Dan bayangan menakutkan itu pun lenyap. Menghilang dari benak Elai. Menyisakan getar-getar ketakutan yang membuat ia nyaris tidak bisa bernapas lagi.

Elai berusaha bangkit dari tempat tidur. Tampak meracau tak tentu arah.

"Aku harus pergi dari sini. Kalau nggak ... jangan-jangan dia bakal ngelakuian hal yang macam-macam sama aku."

Menarik napas dalam-dalam, Elai beranjak ke kamar mandi. Berusaha menguatkan dirinya untuk sekadar merapikan kekacauan yang ia alami.

Membasuh wajahnya. Lalu mengganti pakaiannya. Hingga sejurus kemudian, Elai tampak membuka pintu kamarnya perlahan. Celingak-celinguk. Berusaha untuk menangkap keberadaan Ares. Tapi, tak ada.

Menghitung sampai sepuluh, Elai menyadari bahwa memang tak ada tanda-tanda keberadaan Ares di mana pun. Hingga ia pun menguatkan diri. Keluar. Mengendap-ngendap. Berusaha agar tidak menimbulkan suara sedikit pun. Lalu menuju ke pintu.

*

Sepeninggal Elai yang memilih untuk berlari dengan beruraian air matanya, Ares hanya bisa mematung di dapur. Nyaris seperti cowok itu yang merasa tubuhnya seperti kehilangan nyawanya.

Sungguh.

Ares tidak pernah menduga kalau melihat Elai menangis bisa membuat perasaannya jadi kacau seperti itu. Padahal kalau mau dicermati, dari dulu entah sudah berapa kali Ares menginginkan hal itu. Melihat Elai juga menangis. Lantaran dirinya. Seperti yang pernah Elai lakukan dulu pada dirinya. Tapi, sekarang?

Melihat Elai yang memang menangis karenanya, justru membuat perasaannya seperti diremas-remas. Alih-alih kesenangan seperti yang ia duga bakal ia dapatkan. Ia benar-benar merasa buruk.

Ares ingin menyingkirkan gumpalan menyesakkan itu. Rasanya amat pahit. Seperti menyumbat pangkal tenggorokannya. Nyaris membuat ia tak bisa bernapas lagi. Dan dibutuhkan lebih dari niat yang kuat hingga pada akhirnya, udara itu mampu juga ia hirup.

Rasanya panas.

Seperti membakar.

Hingga membuat paru-parunya seolah meradang.

Maka Ares meneguk satu botol air hingga tandas tak bersisa. Meremas botol kemasannya yang terbuat dari plastik. Lalu membanting benda itu ke dalam tempat sampah.

Menyedihkan sekali.

Bahkan botol air minum yang tak bersalah justru menjadi pelampiasan cowok itu. Ckckckck.

Berusaha menenangkan dirinya, Ares pikir ia harus mengalihkan dulu sejenak pikirannya dari gadis itu. Dan barang-barang belanjaan merekalah yang menjadi pengalihan tersebut.

Ares meraih satu persatu barang belanjaan yang telah keluar dari kantungnya. Dengan gerakan yang lesu, ia berusaha untuk menyusun semua belanjaan itu di tempat yang seharusnya. Dan itu membutuhkan waktu yang teramat lama.

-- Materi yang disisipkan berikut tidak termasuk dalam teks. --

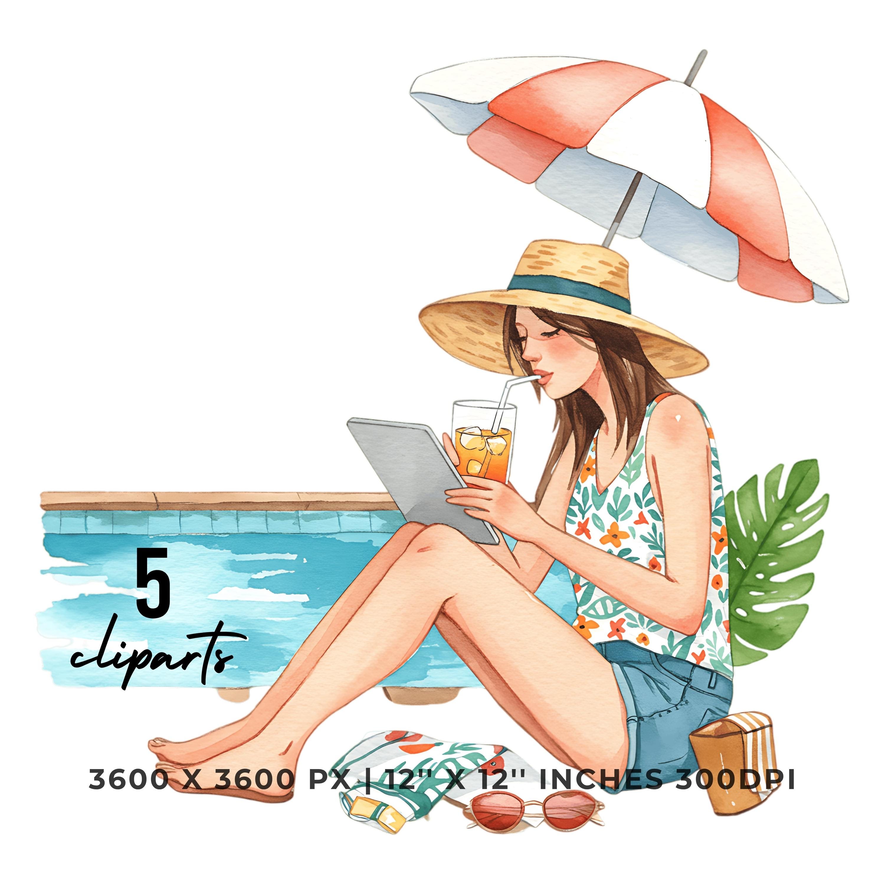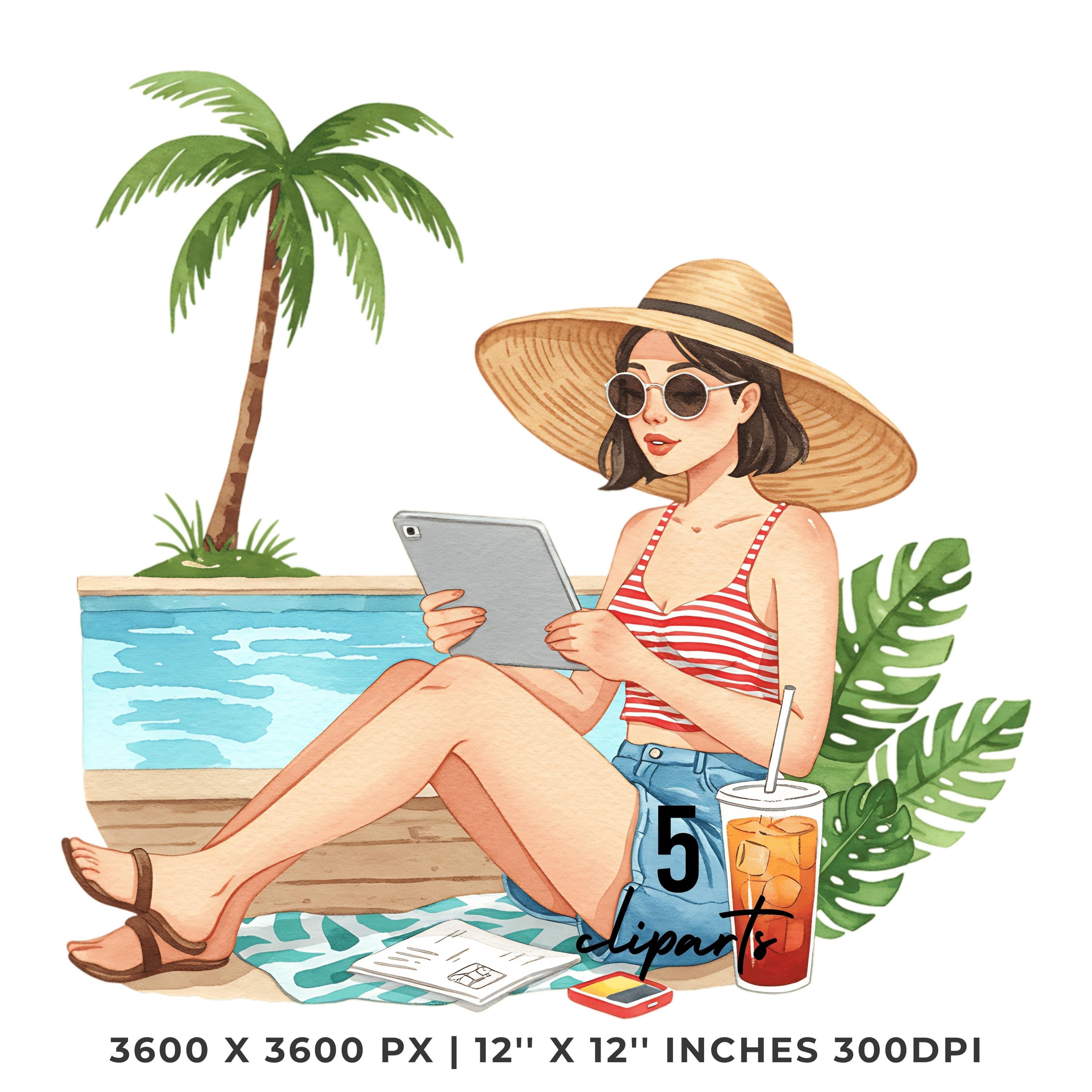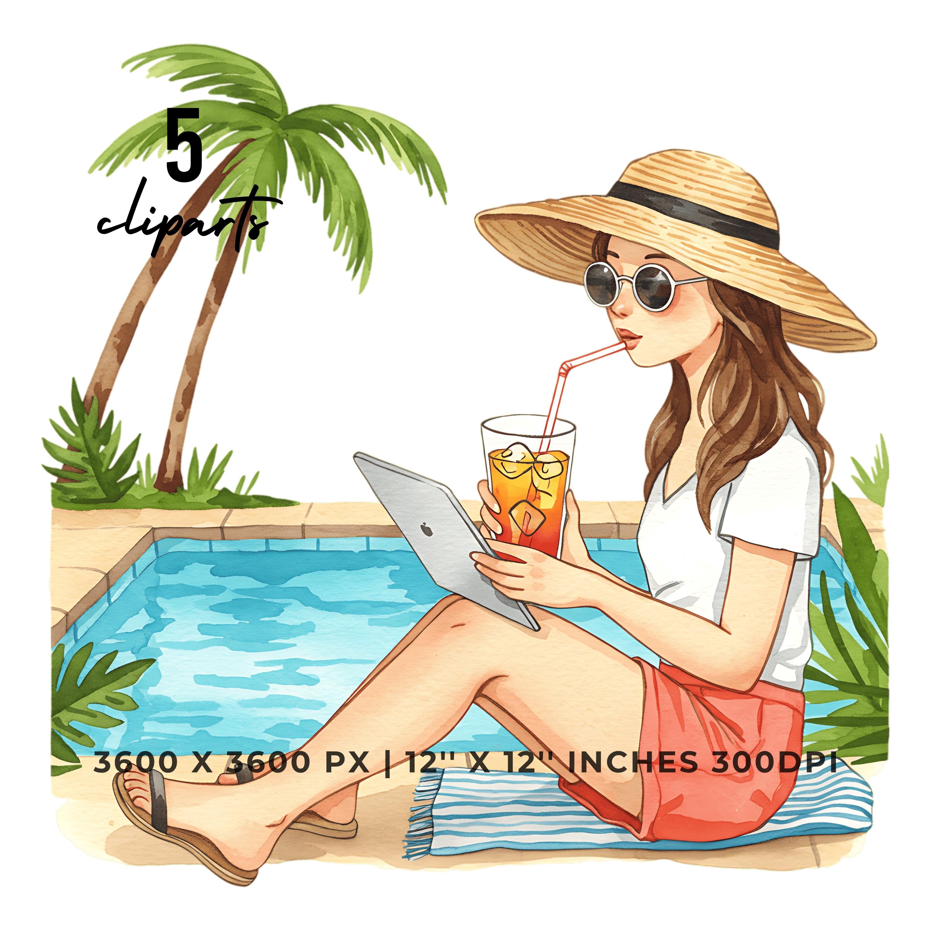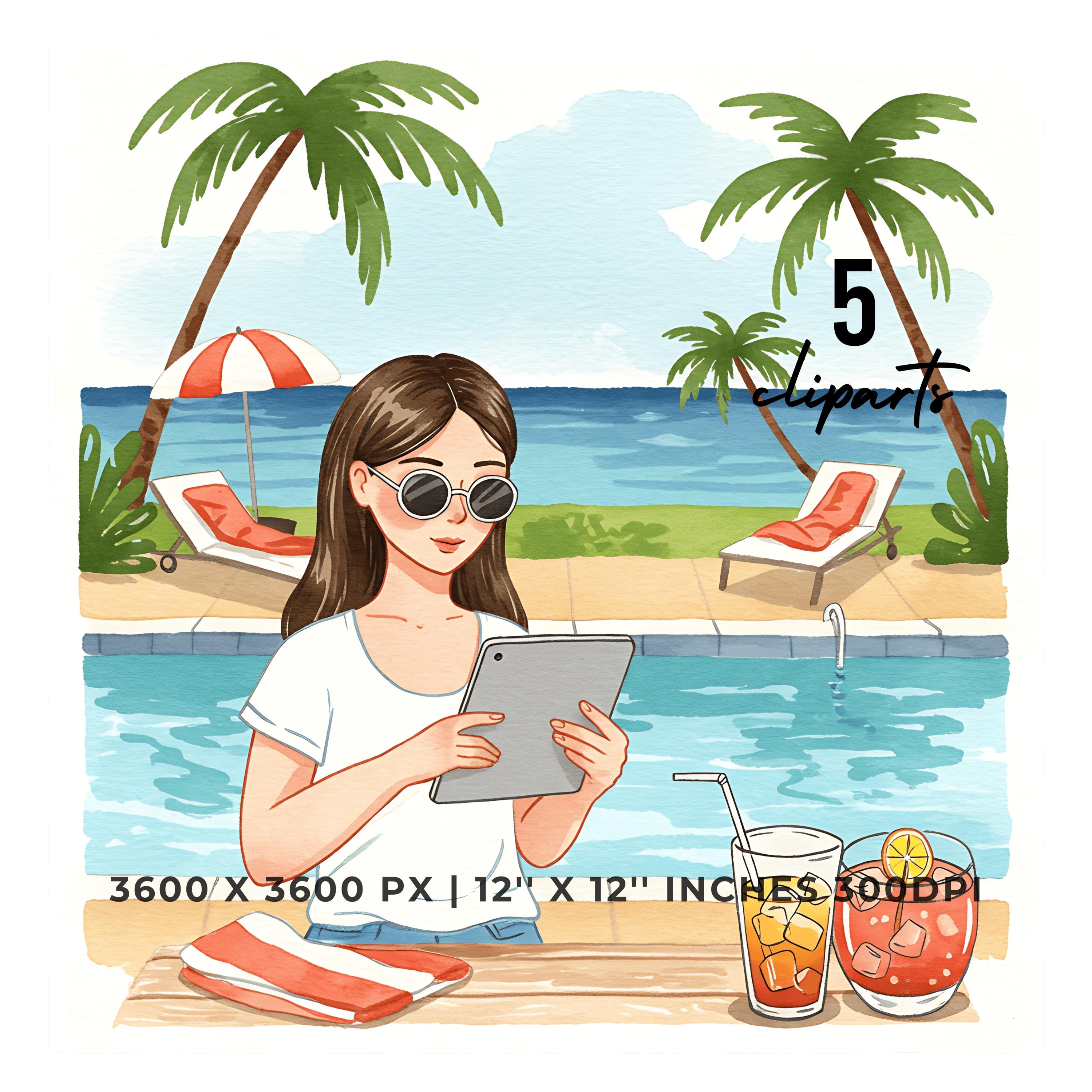 Personal Assistant at Pool Checking Emails png jpg Clipart Set | 5 PNG & 5 JPG | Sublimation Design | 12″x12″ 300DPI Graphic Commercial Use is an eye-catching, high-resolution digital asset designed for creators, crafters, teachers, and small business owners looking to elevate their visuals.

Ketika semua telah berada di tempat yang seharusnya, Ares mengembuskan lagi napas panjangnya. Terpekur di kitchen island dan bayangan tadi kembali muncul di benaknya.

Yang benar saja!

Ide untuk membereskan belanjaan terbukti tidak mampu mengusir bayangan menyesakkan itu dari benaknya. Ironis, tapi Ares berani bersumpah. Bayangan yang menampilkan Elai dengan berurai air mata itu tampak sangat nyata. Seolah itu bukan hanya sekadar ingatan. Alih-alih menyerupai adegan reka ulang.

Ck.

Ares mengumpati dirinya sendiri.

Yang benar aja, Res.

Setelah apa yang Elai lakukan sama kamu dulu, kenapa kamu justru merasa berdosa hanya karena satu ciuman?

Sementara Elai dulu?

Dia mempermalukan kamu di hadapan orang banyak.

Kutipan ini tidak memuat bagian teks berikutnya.